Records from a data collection

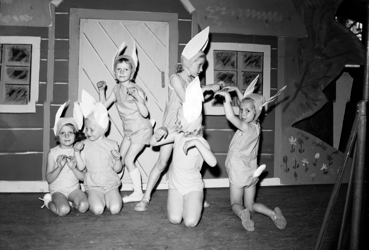 Titel: Emy Ågren. "Prinsessan Snövit" repetition till baletten, Furuviksbarnen. Den 2 juli 1950
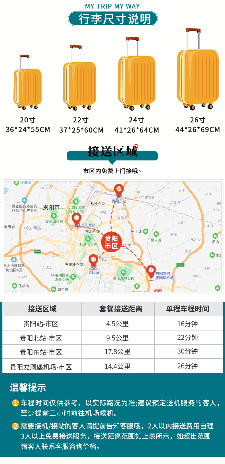 (2)由于往返大交通进出顺序不同导致的时间差异,在接送站、接送机时会出现相互等候的现象,敬请谅解!
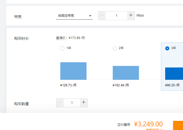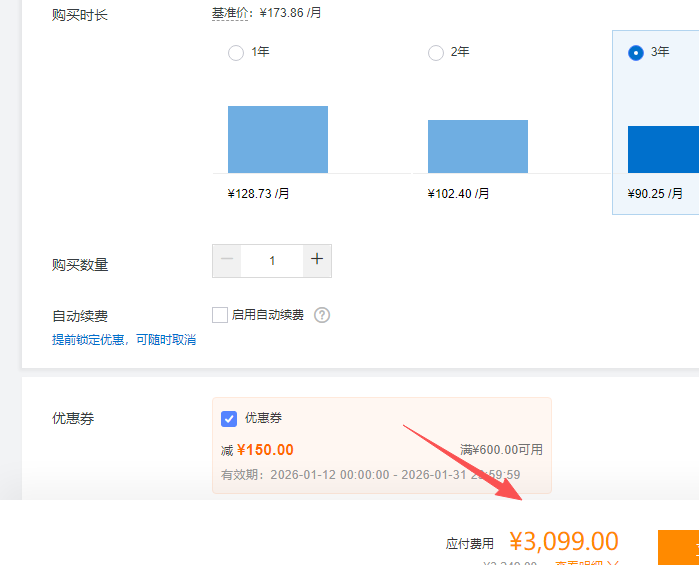 例如小编购买一台经济型e实例4核8G1M带宽云服务器,活动显示价格为3249元3年,购买中可使用10元、80元和150元的优惠券,最高可再减免150元,实际购买价格为3099元,如下图所示:
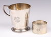 | 167 | A silver christening tankard (dented and misshapen) London 1944, together with an engraved silver oval napkin ring London 1945, both by Wakeley & Wheeler, both are inscribed, 138 grams | 100-140 |
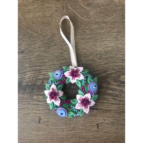 Handmade felt decoration - wreath with pink flowers. Made with quality felt, ribbon, threads and lightly stuffed. Hand sewn and no glue added. Made with love and best wishes. This is not a toy due to small details. Great as a home/Easter tree decoration or just a lovely gift. I am selling a lot of handmade decorations.
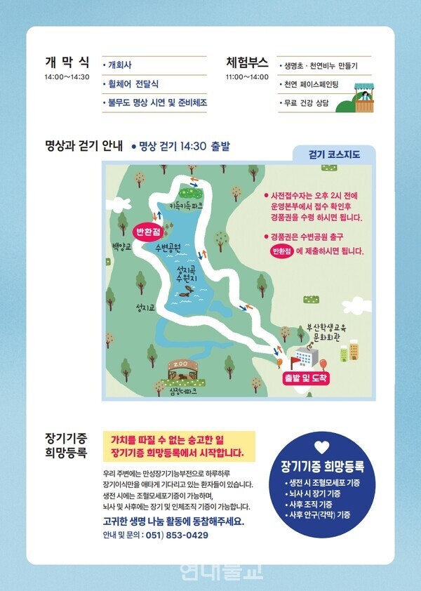 »ý¸í³ª´® ºÎ»ê °ü°èÀÚ´Â ¡°À̹ø Çà»ç´Â Àå±â±âÁõÀ̶ó´Â °í±ÍÇÑ ½ÇõÀ» ¾Ë¸®°í, »ý¸í³ª´®À¸·Î ÇÔ²² »ç´Â ¼¼»óÀ» ¸¸µé±â À§ÇÑ ÀÚ¸®¡±¶ó¸ç ¡°°¡Á·, µµ¹Ýµé°ú ÇÔ²² °ÉÀ¸¸ç °Ç°µµ ì±â°í »ý¸í³ª´®ÀÇ Àǹ̵µ µÇ»õ±â´Â À̹ø °È±â´ëȸ¿¡ ¸¹Àº ºÐÀÇ °ü½É°ú µ¿ÂüÀ» ¹Ù¶õ´Ù¡±°í ¹àÇû´Ù.

● DIRECTIONS FOR THIS TASK: Reproduce only the lines of the records from the start up to and including the line that holds "grams | 100-140 |"; do not carry over any picture.

● RESULT:
 Titel: Emy Ågren. "Prinsessan Snövit" repetition till baletten, Furuviksbarnen. Den 2 juli 1950
 (2)由于往返大交通进出顺序不同导致的时间差异,在接送站、接送机时会出现相互等候的现象,敬请谅解!
 例如小编购买一台经济型e实例4核8G1M带宽云服务器,活动显示价格为3249元3年,购买中可使用10元、80元和150元的优惠券,最高可再减免150元,实际购买价格为3099元,如下图所示:
 | 167 | A silver christening tankard (dented and misshapen) London 1944, together with an engraved silver oval napkin ring London 1945, both by Wakeley & Wheeler, both are inscribed, 138 grams | 100-140 |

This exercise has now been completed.